Apóstrofe à carne

de Augusto dos Anjos

 

Quando eu pego nas carnes do meu rosto,
pressinto o fim da orgânica batalha:
 – olhos que o húmus necrófago estraçalha,
diafragmas, decompondo-se, ao sol posto…

E o Homem – negro e heteróclito composto,
onde a alva flama psíquica trabalha,
desagrega-se e deixa na mortalha
o tacto, a vista, o ouvido, o olfato e o gosto!

Carne, feixe de mônadas bastardas,
conquanto em flâmeo fogo efêmero ardas,
a dardejar relampejantes brilhos,

dói-me ver, muito embora a alma te acenda,
em tua podridão a herança horrenda,
que eu tenho de deixar para os meus filhos!

 

Não sei se existe algum estudo a respeito, mas parece razoável dizer que Augusto dos Anjos foi o poeta que mais utilizou palavras diferentes em toda a língua portuguesa; e, ainda que diversas vezes preferisse combiná-las dando mais importância ao som do que ao sentido, teve a ventura de não se consagrar como precursor desta infausta tendência, que hoje chega ao paroxismo. Provavelmente, também, nenhum outro poeta teve tanto amor pelas palavras proparoxítonas – ou será que isso era apenas uma decorrência inevitável de sua incorporação frenética de termos científicos?

Mas a marca maior de Augusto dos Anjos não se resume a isso. Se é possível falar de um ritmo peculiar que fosse merecer seu nome, como uma manobra só sua, seria o verso decassílabo no qual a sílaba tônica de uma proparoxítona ocupa a sexta posição, seguida de duas sílabas obviamente mais fracas, uma sílaba um pouco mais forte e uma tônica final. Seguindo o modelo de intensidade silábica proposto por Mattoso Câmara Júnior (e misteriosamente nunca sistematizado em português para estudar a poesia – digo “em português” porque a teoria de Mattoso dos grupos de força assemelha-se muito à metrificação por pés), o verso daria um esquema 3-1-1-2-3 a partir da sexta, com 3 marcando a intensidade máxima. Neste poema temos os versos 2, 3, 5, 6 e 9 seguindo esse modelo (o leitor que quiser contar todas as sílabas verá que é preciso fazer algumas sinéreses). Como a palavra é proparoxítona, parece que o verso vai-se precipitando, até recuperar-se e atingir um novo cume. Se alguém quiser chamar a poesia de Augusto dos Anjos de vertiginosa ou turbulenta, eis o motivo.

Essa vertigem e turbulência, porém, contrastam com os assuntos e atitudes habitualmente escolhidos pelo poeta.
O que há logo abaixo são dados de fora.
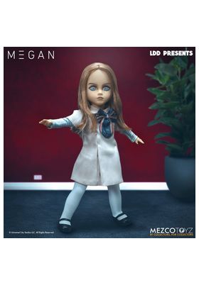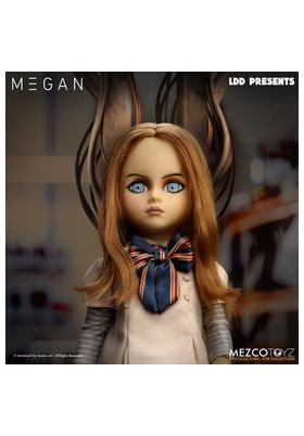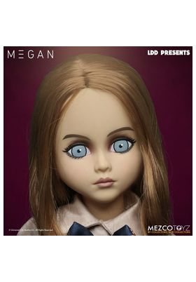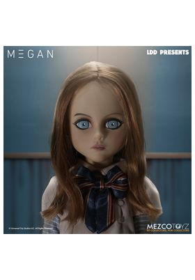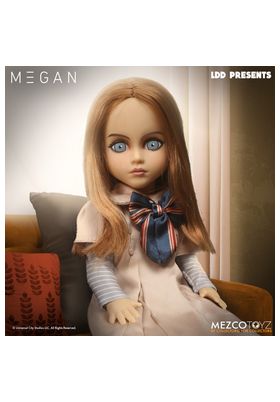 La figura de M3gan se incorpora a la colección Living Dead Dolls de Mezco Toyz con una altura de 25,5 cm. Está basada en el personaje de la película de terror "M3gan". Se muestra con su característica camisa de rayas bajo un vestido beige con pajarita, medias blancas y las clásicas Mary Janes negras. Cuenta con 5 puntos de articulación y se presenta en una caja con ventana.
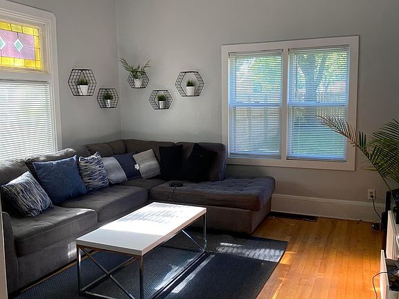 Updated interior w/ 6-ft privacy fenced in double lot. Oversized 2 car garage. 10ft ceilings, hardwood floors, tile floors, original stained glass window. New furnace, central air. The 10' tall ceilings make this cozy home feel larger than it is. The double-lot is great for outdoor barbeque parties and relaxing. Beautiful garden space in backyard. Included: Washer/Dryer, Range / Oven, Refrigerator (2), Microwave Monthly payment: $1,500 Deposit: $1,500 Lease Term: 6 months Background check: $40 per person Applicant Criteria: 1. Good Rental History, based on Saint Paul Regulations 2. Background check, based on Saint Paul Regulations 3. No Pets 4. No smoking 5. Income is 1.5-2 times rent amount Tenants also pay utilities: electricity/gas, water, trash Tenants responsible for taking care of property and yard maintenance. Thank you!
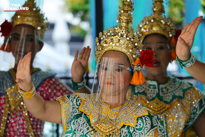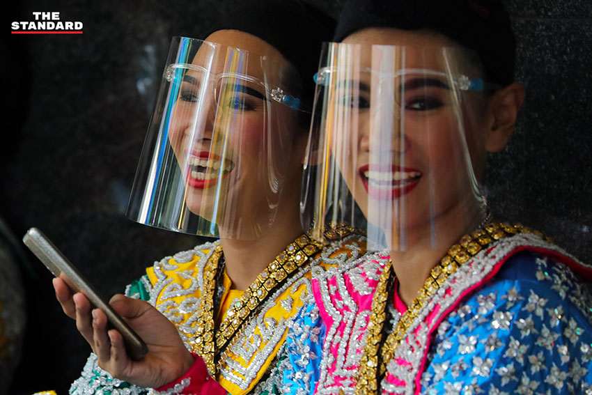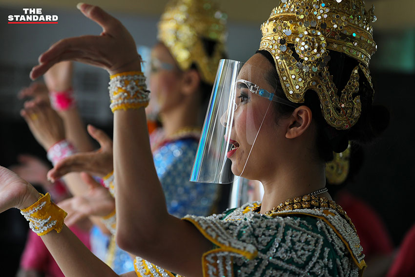 แต่การกลับมาครั้งนี้มาพร้อมกับการปรับตัวเพื่อป้องกันการแพร่ระบาดของโรคโควิด-19 โดยนางรำทุกคนรวมถึงนักดนตรีต้องสวม Face Shield ระหว่างรำและเล่นดนตรี เป็นภาพที่หาดูได้ยาก และไม่คิดว่าจะเห็นก็ได้เห็น เมื่อนางรำในชุดเต็มยศต้องเพิ่มอุปกรณ์สำคัญเข้ามาในช่วงที่ต้องสร้างความปลอดภัยด้านสุขภาพ

Aqui, por exemplo, a morte não é súbita, mas lenta, apenas pressentida como “o fim da orgânica batalha”, e essa percepção é obviamente justa, já que a maior parte das pessoas envelhece, envelhece e então morre, em vez de cair morta de chofre. Só que a parte de envelhecer lentamente vai dando uma banalidade insuportável à própria decadência, adding insult to injury (“acrescentando um insulto à ofensa”), na popular expressão inglesa. Daí que uma boa saída seja solenizar a experiência combinando efeitos sonoros especiais e palavras difíceis; só não há como evitar a sensação de frustração quando, ao fechar o livro, o leitor se encontra na mesmice indiferente de seu quarto ou escritório. Por isso, não se sinta especialmente perverso se você achar que o lugar ideal para ler Augusto dos Anjos é num cemitério com árvores retorcidas: o desejo de estar em um ambiente que confirme nosso estado interior me parece bastante natural.
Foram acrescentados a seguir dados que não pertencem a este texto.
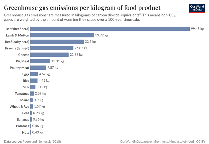 (Source: ©Our World in Data. Greenhouse Gas Emissions per Kilogram of Food Product, https://ourworldindata.org/grapher/ghg-per-kg-poore)
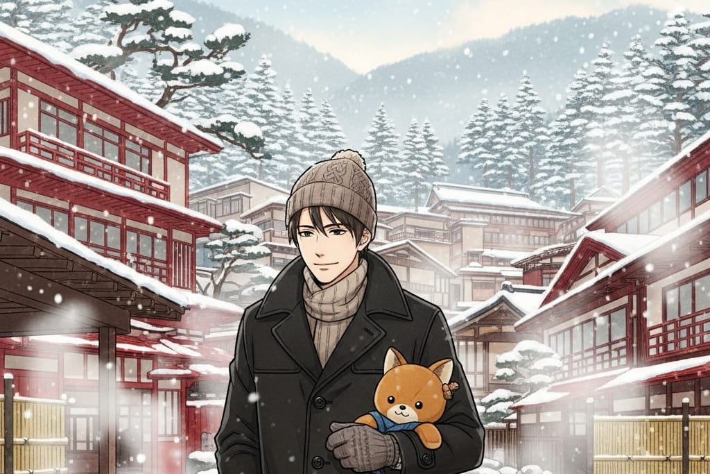 雪に包まれた公園や山の麓、温泉街などは冬のぬい活に最適です。
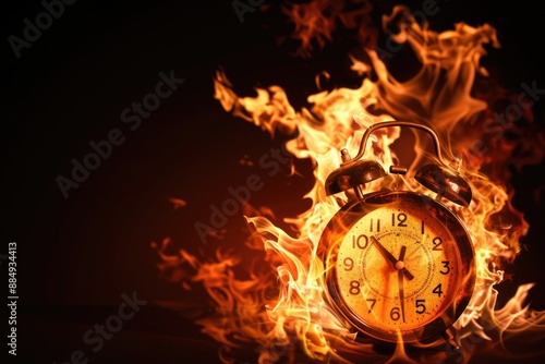 A vintage alarm clock engulfed in flames, rush hour , time runiing out.
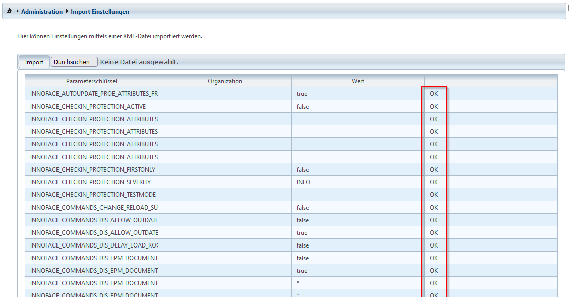 Die Spalte ganz rechts zeigt pro Einstellung, ob der Import funktioniert hat. Der Import wird durch einzelne fehlerhafte Einstellungen nicht unterbrochen.
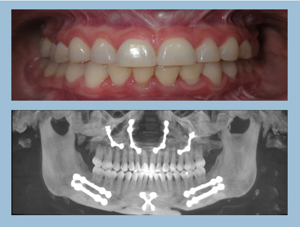 • Nasal and jaw surgery with minimal improvement in her sleep and jaw pain— see the hardware in Figure 9
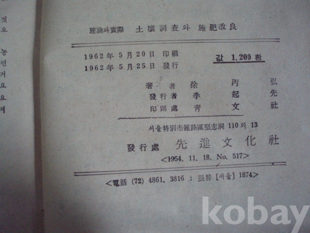 (이론과 실제 ) 토양조사와 시비 개량 (1962년, 고대 농과대 서병홍 편저, 선진문화사)
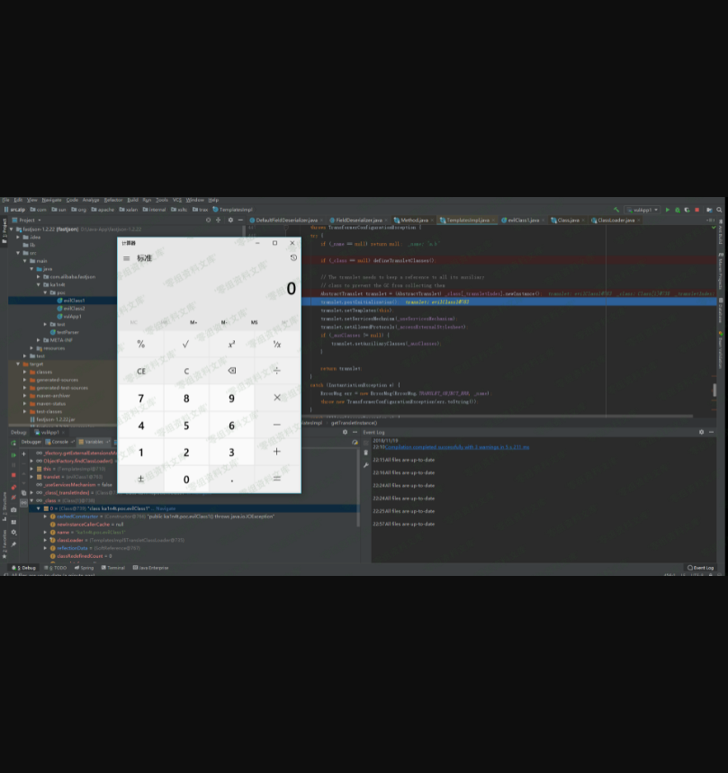 _bytecodes是经过base64编码的evilClass1的字节码文件,NASTY_CLASS是TemplatesImpl类。总结一下这个payload,利用JSON.parseObject反序列化TemplatesImpl类,其中_bytecodes属性是经过base64编码的恶意类字节码文件。
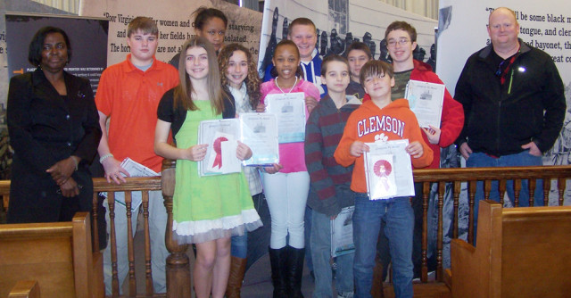 Some of the first, second, and honorable mention winners in the poetry, comic strip, and newspaper article categories pose with their prizes. They are flanked by New Kent Historical Society president Camilla Tramuel (left) and second vice-president Preston Martin.
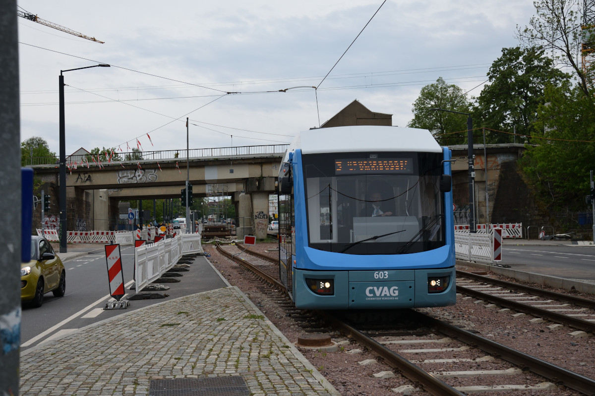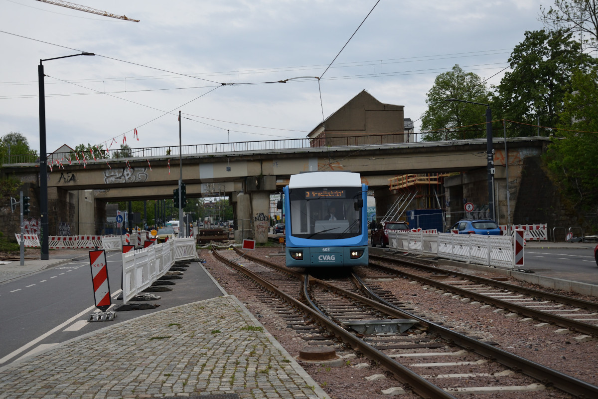 603 in der Baustelle kurz vor der Haltestelle Bernsbachplatz
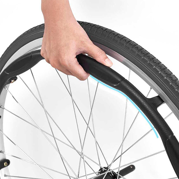 The new ergonomic hand-rims provide comfort and greater mobility for better propulsion and efficient braking.
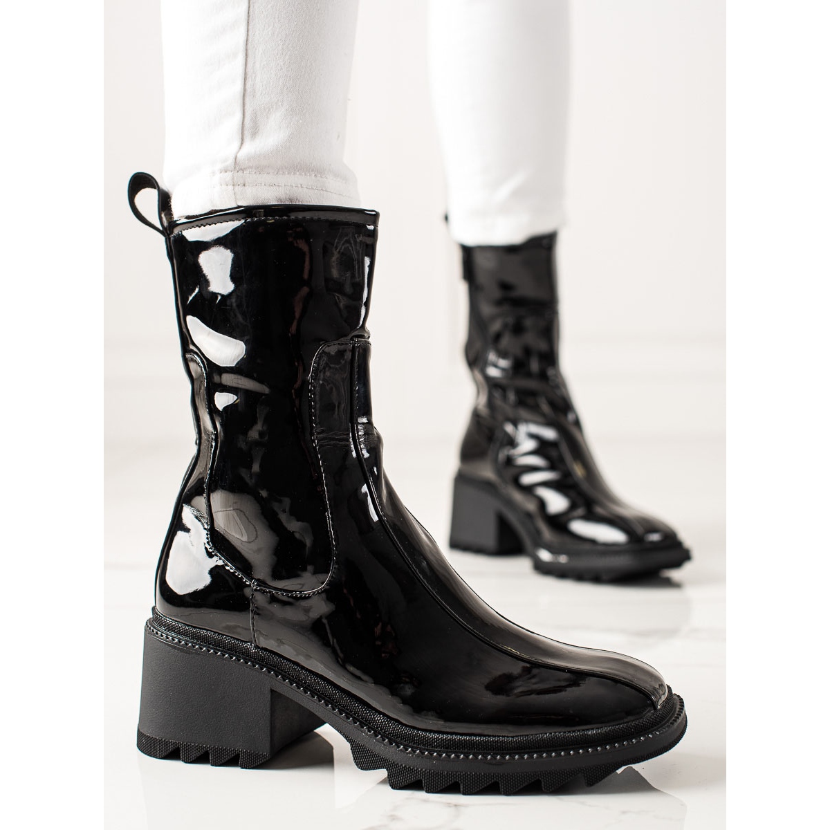 Den praktiska dragkedjan gör det lättare att ta av och på skorna. Ytterligare funktioner, som den lackerade beläggningen, ger dem en elegant karaktär som säkert kommer att dra till sig uppmärksamhet.
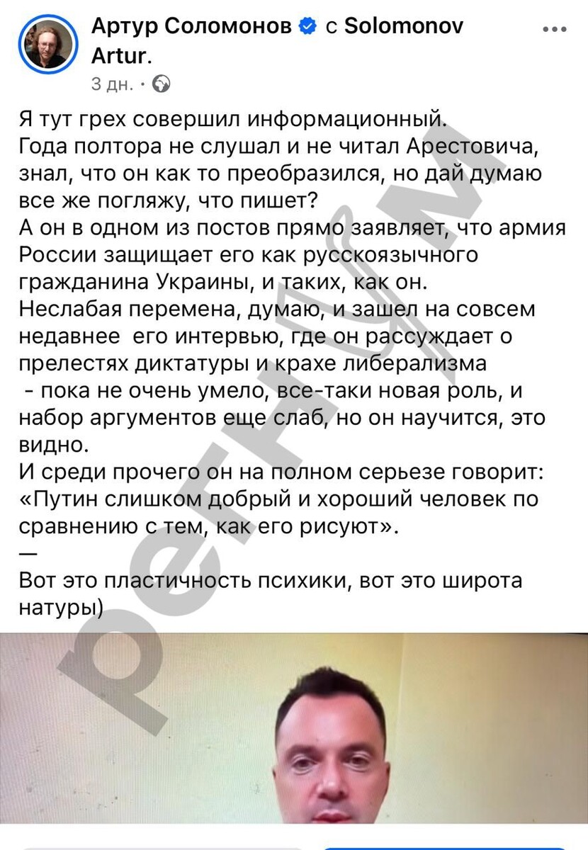 "Я тут грех совершил информационный. Года полтора не слушал и не читал Арестовича, знал, что он как то преобразился, но дай думаю все же погляжу, что пишет?" - опубликовал у себя в соцсетях Артур Соломонов - иноагент и создатель антироссийских пьес типа "Как мы хоронили Иосифа Виссарионовича" с помощью участия в которых антироссийские перебежчики, такие как иноагенты Анатолий Белый, Михаил Шац, Татьяна Лазарева, Александр Филиппенко, Чулпан Хаматова и пр. собирают деньги на помощь Незалежной. "А он в одном из постов прямо заявляет, что армия России защищает его как русскоязычного гражданина Украины, и таких, как он, - продолжил свое "расследование" иноагент Соломонов. - Неслабая перемена, думаю, и зашел на совсем недавнее его интервью, где он рассуждает о прелестях диктатуры и крахе либерализма- пока не очень умело, все-таки новая роль, и набор аргументов еще слаб, но он научится, это видно. И среди прочего он на полном серьезе говорит: «Путин слишком добрый и хороший человек по сравне

Augusto dos Anjos, porém, não faz alusão a um bem, como Mimnermo e António Ferreira. Juventude hedonista ou amor monogâmico além da vida (e o primeiro objeto é mais realista e portanto bem mais desejável) não lhe interessam, só o fato de que a carne perece. Ora, ao contrário de Brás Cubas, o poeta deixará a seus filhos “o legado da nossa miséria”, que aqui aparece como “herança horrenda”. Se há contraste entre estilo e conteúdo, é justamente a falta de conteúdo contrastante, de uma percepção da relação entre um bem e um mal, com a insistência neste último, que torna Augusto dos Anjos um autor tão atraente para leitores imaturos; afinal, antes de ver o mundo em nuances de branco e preto, ou mesmo só em branco e preto, o mais comum é que se veja só o branco ou só o preto, brandindo-o como verdade última.